* **What to do**:
The lines to copy run from the one containing "Men’s Fellowship Breakfast" to the very end of the records; give them exactly, and only them, without pictures.

* **Data supplied**:
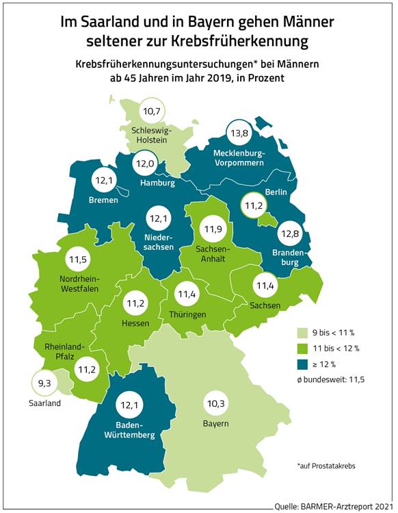 Laut der Analyse gibt es deutliche regionale Unterschiede bei der Inanspruchnahme von Früherkennungsuntersuchungen auf Gebärmutterhals- und Brustkrebs bei Frauen sowie auf Prostatakrebs bei Männern. Im Analysezeitraum wiesen bei Frauen das Saarland (36,5 Prozent) und Niedersachsen (38,3 Prozent) die niedrigsten Untersuchungsraten auf. In den ostdeutschen Flächenländern waren die Raten dagegen merklich höher. So war Brandenburg Spitzenreiter mit 42,8 Prozent. Bei den Männern variierten die Unterschiede zwischen den Bundesländern stärker. Die geringsten Raten gab es im Saarland (9,3 Prozent) und in Bayern (10,3 Prozent).
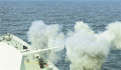 圖①:參訓艦艇主炮對海射擊。
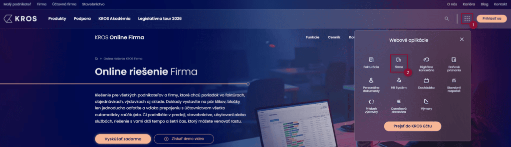 Ďalší spôsob prihlásenia je priamo z našej web stránky https://kros.sk . Cez menu aplikácií zvoľte možnosť Firma.
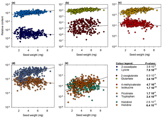To obtain more insight on amino acid metabolism, specific degradation products that could be identified by GC–MS were plotted separately (Figure 4). Selected products include 2-oxoadipate (produced by lysine degradation), 2-oxoglutarate (produced by glutamate transamination), 4-methylvalerate (produced by isoleucine degradation), picolinate (produced by tryptophan degradation) and histidinol (produced by histidine degradation). In all cases, degradation products were more abundant as seed weight decreased, unlike their amino acid counterparts, except for 2-oxoglutarate, which tended to increase slightly. Overall, it indicates a general up-regulation of amino acid catabolism in small seeds.
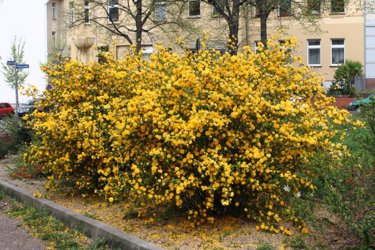 Конечно, при выборе места посадки стоит учитывать и эстетическую сторону (ландшафтный дизайн) вашего участка. Куст крупный и привлекающий внимание, а значит — отличный солитер, причём даже на газоне (ухаживать и топтаться много не придётся, можно и вовсе отказаться от приствольного круга). Отличная живая изгородь из керрии японской получается, особенно для садов в «природном» стиле.
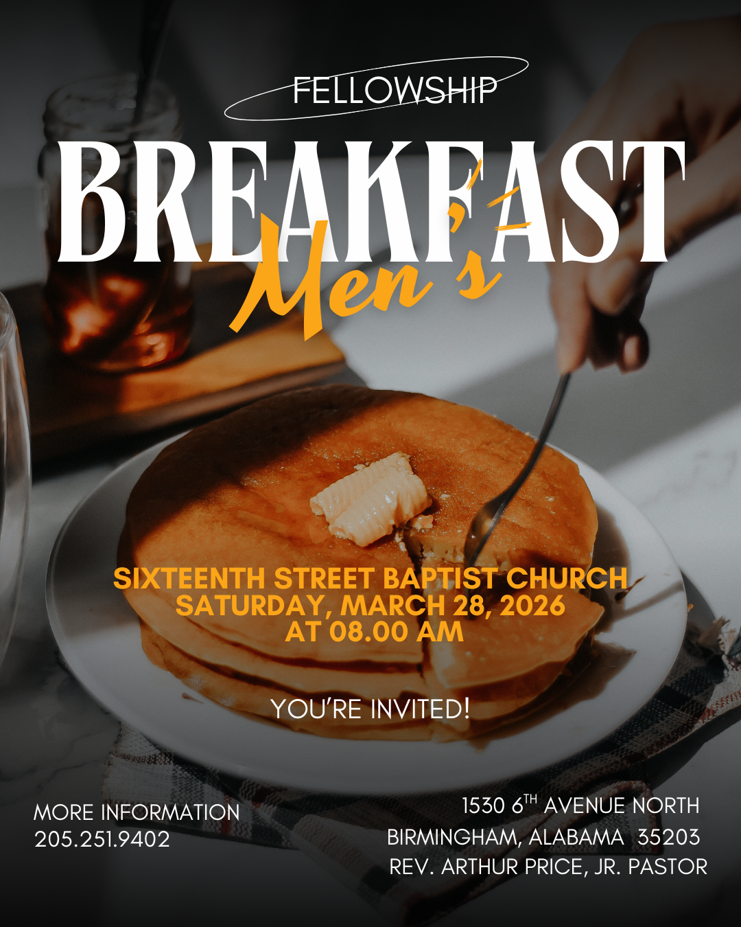 Men’s Fellowship Breakfast + Add to Google Calendar + iCal / Outlook export 00 days 00 hours 00 minutes 00 seconds Date Mar 28 2026 Time 8:00 am - 10:00 am Category Community Event Share this event
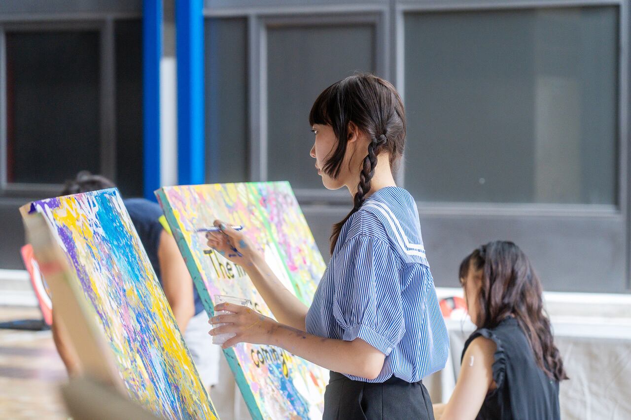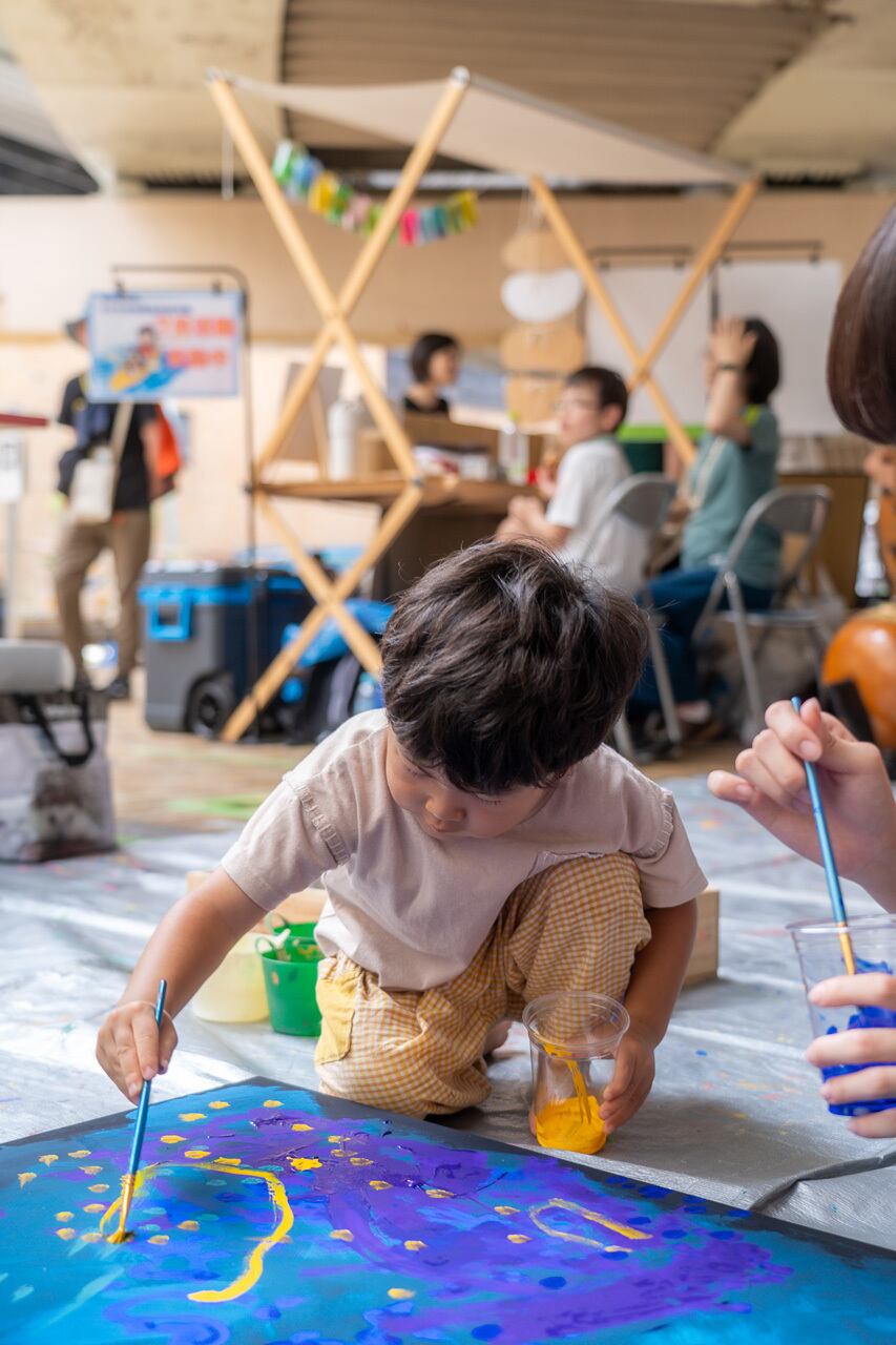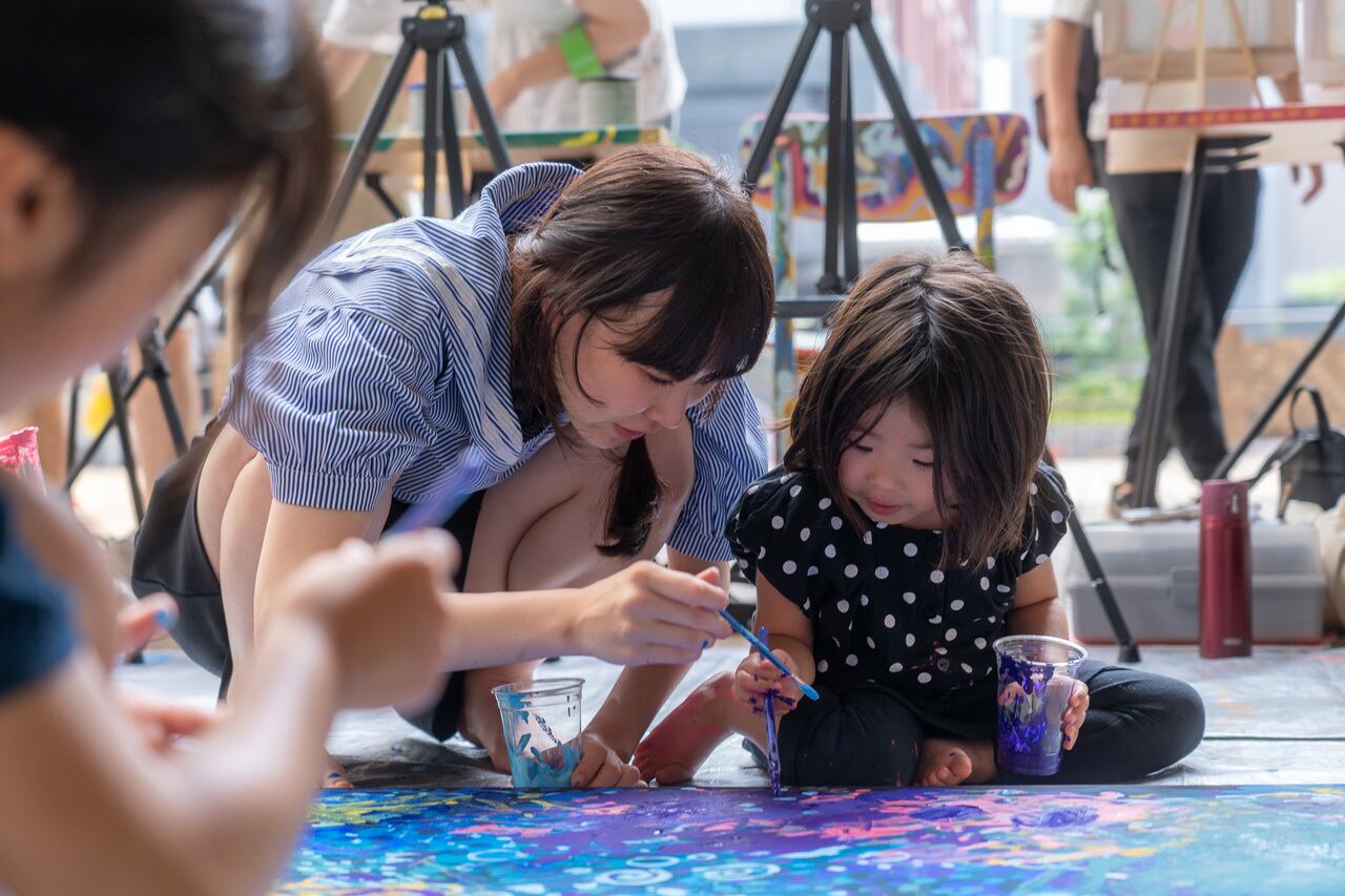 IKEBUKURO LIVING LOOP内で開催された、Kids = Artists 〜すべてのキッズはアーティスト〜にて子どもと一緒に制作。

* **Problem solution**:
 Men’s Fellowship Breakfast + Add to Google Calendar + iCal / Outlook export 00 days 00 hours 00 minutes 00 seconds Date Mar 28 2026 Time 8:00 am - 10:00 am Category Community Event Share this event
 IKEBUKURO LIVING LOOP内で開催された、Kids = Artists 〜すべてのキッズはアーティスト〜にて子どもと一緒に制作。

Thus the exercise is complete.